His response was to tell the station to give the car to the Red Cross for
earthquake relief. Disk jockey Rick Dees and the station announced they’d match
Smith’s gift and, for good measure, give him another car anyway.
The
car was the tip of the iceberg. GAP stores gave $100,000 to help people. IBM
tossed in $200,000. CitiBank gave $150,000 to help the Red Cross with its work
in the city. Ford wrote out a cheque for $500,000, so did General Motors.
Chrysler gave $100,000. Great Western Bank gave $100,000. Employees at
McDonnell Douglas contributed $100,000, while Nissan gave $300,000, a sum
matched by Proctor and Gamble. One city-based law firm donated $150,000. Sony
wrote out a cheque for $1 million. A Congressman from Wisconsin was not nearly
as beneficent. He complained that the median home price in San Francisco was
$350,000 and the residents didn’t need help because they were affluent and
wasteful.
When
Republican Vice President Dan Quayle visited the city to inspect the damage
Mayor Art Agnos, a Democrat, accused him of grandstanding. While private citizens
were helping one another the politicians were trying to out-whine each other.
The
earthquake of 1989 is not one I’ll forget easily. I witnessed the fires, the
collapsed buildings, and the disastrous effects of prior government decisions.

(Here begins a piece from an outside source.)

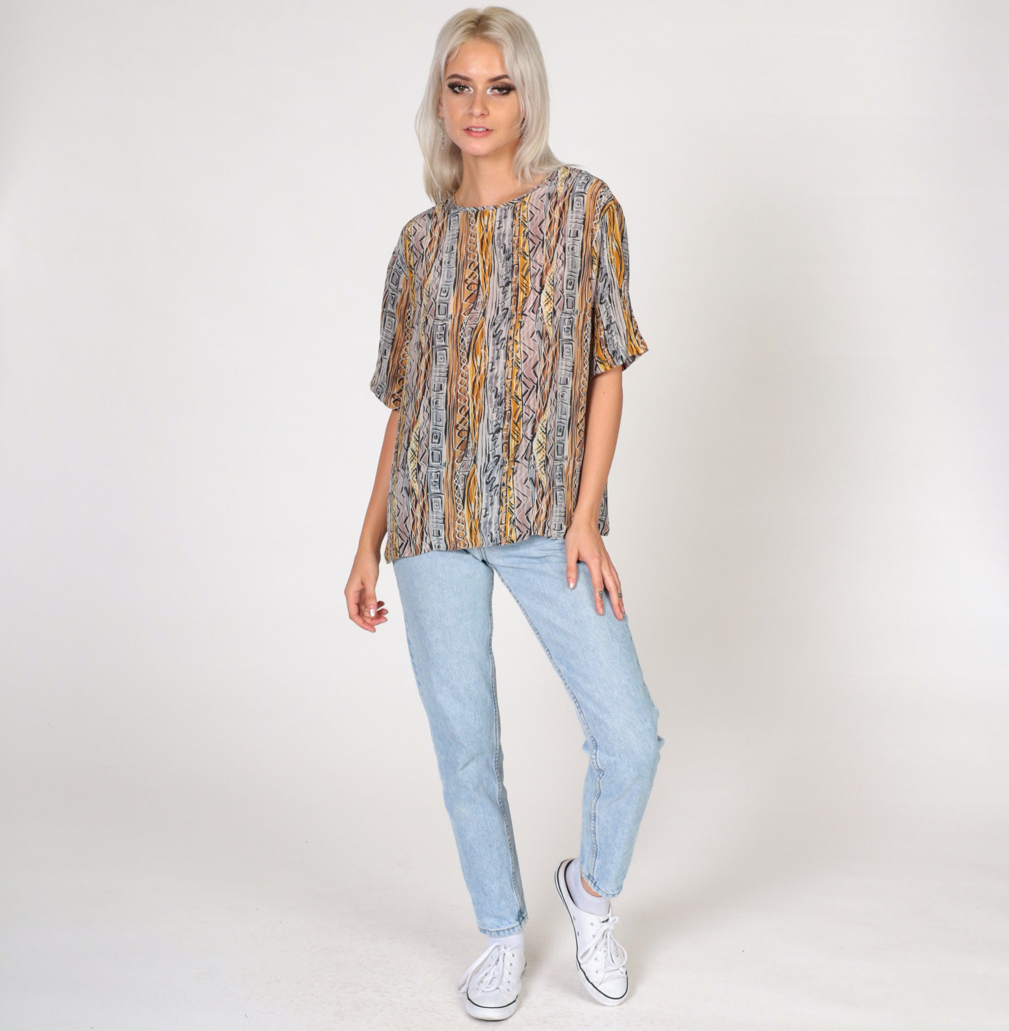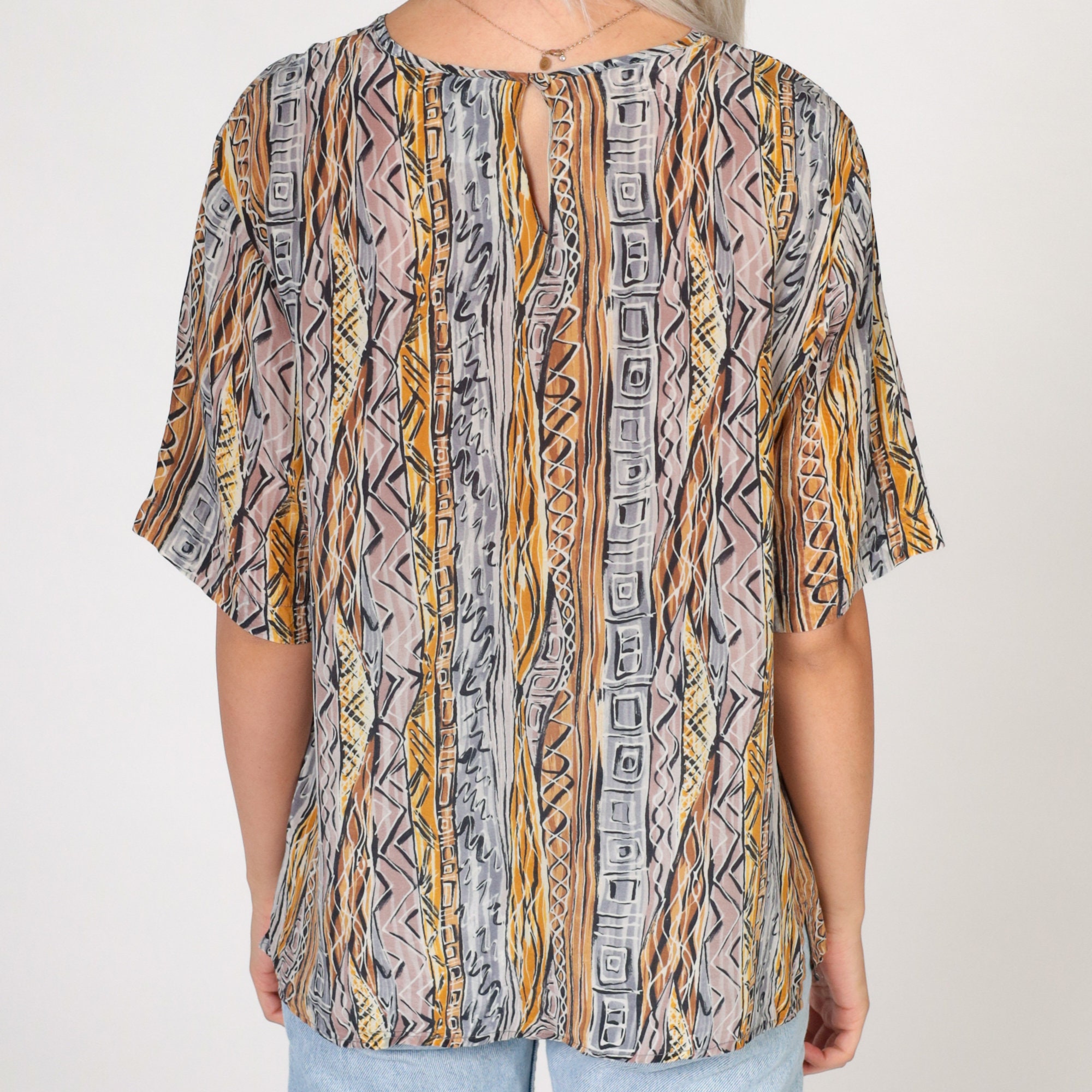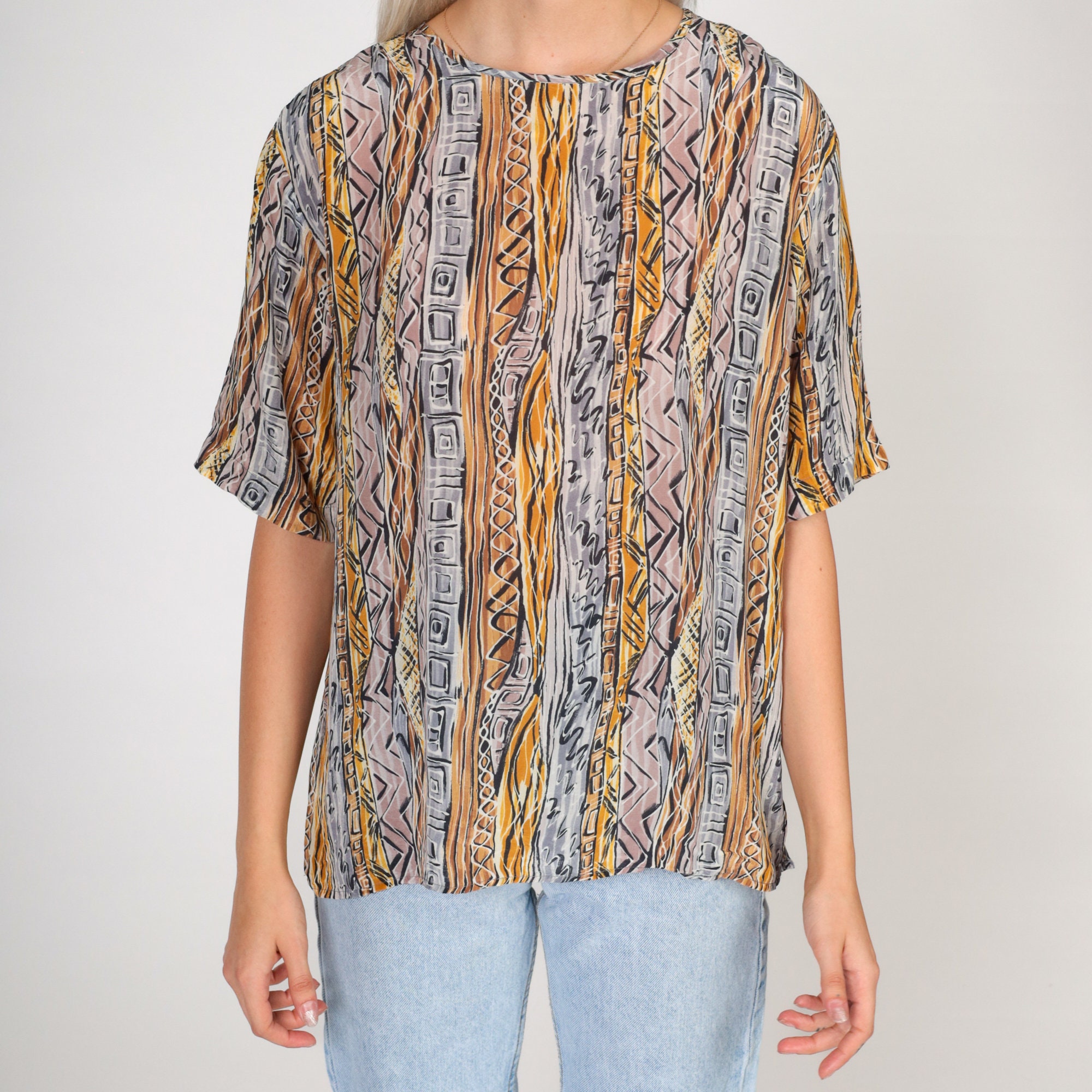 Vintage 90s silk shirt in an abstract print with short sleeves and a keyhole button in the back.

I also witnessed the outpouring of humanity from everyday people. I saw it in
drug store employees who stayed in a darkened shop to help pass out free
candles and batteries to their neighbours. I saw it in the effort of derelicts
and winos who pulled themselves together to direct traffic on the downtown
streets. I saw it in the efforts of the residents of a housing project who
climbed up to, and then into, the crushed layers of the Cypress Expressway to
pull out trapped individuals. It could be seen in civilians who climbed through
the rubble of collapsed buildings and in the determination of those who fought
fires with buckets of water carried by hand.
Not
since 1906 had San Francisco experienced such a disaster. And not since 1906
had it witnessed the absolute power of individual initiative in the face of
destruction.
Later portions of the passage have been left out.